This is a genuinely complex situation because it involves the intersection of trademark law, partnership law, and business dissolution. Let me walk through the key issues:
1. Who owned the name? When a partnership uses a trade name, the name is generally an asset of the partnership, not of any individual partner. Under the Uniform Partnership Act (UPA) (adopted in some form by most states), partnership property belongs to the partnership itself. The fact that you personally came up with the name doesn't automatically make it your personal property if it was used as the partnership's trade name.
2. What happened at dissolution? When a partnership dissolves, its assets must be distributed. You said you split assets but didn't have a formal dissolution agreement. If the trade name wasn't specifically assigned to either party, it creates ambiguity.
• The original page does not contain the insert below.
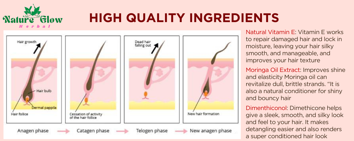 - Natural Ingredients: Our serum is a powerhouse of natural goodness, promoting hair health and shine. It is enhanced with premium ingredients like Argan Oil and Vitamin E.

Neither partner can unilaterally claim it without the other's consent.
3. Trademark rights: Was "BrightSpark Creative" ever registered as a trademark? If not, you may still have common law trademark rights based on use in commerce. Common law rights belong to the first user of the mark in connection with the specific goods or services. But here, the first user was the partnership, not either individual partner.
The strongest argument is that Sam cannot unilaterally appropriate a partnership asset. By registering the LLC under the partnership's name without your consent, he's arguably converting partnership property. You may be able to seek an injunction requiring him to stop using the name.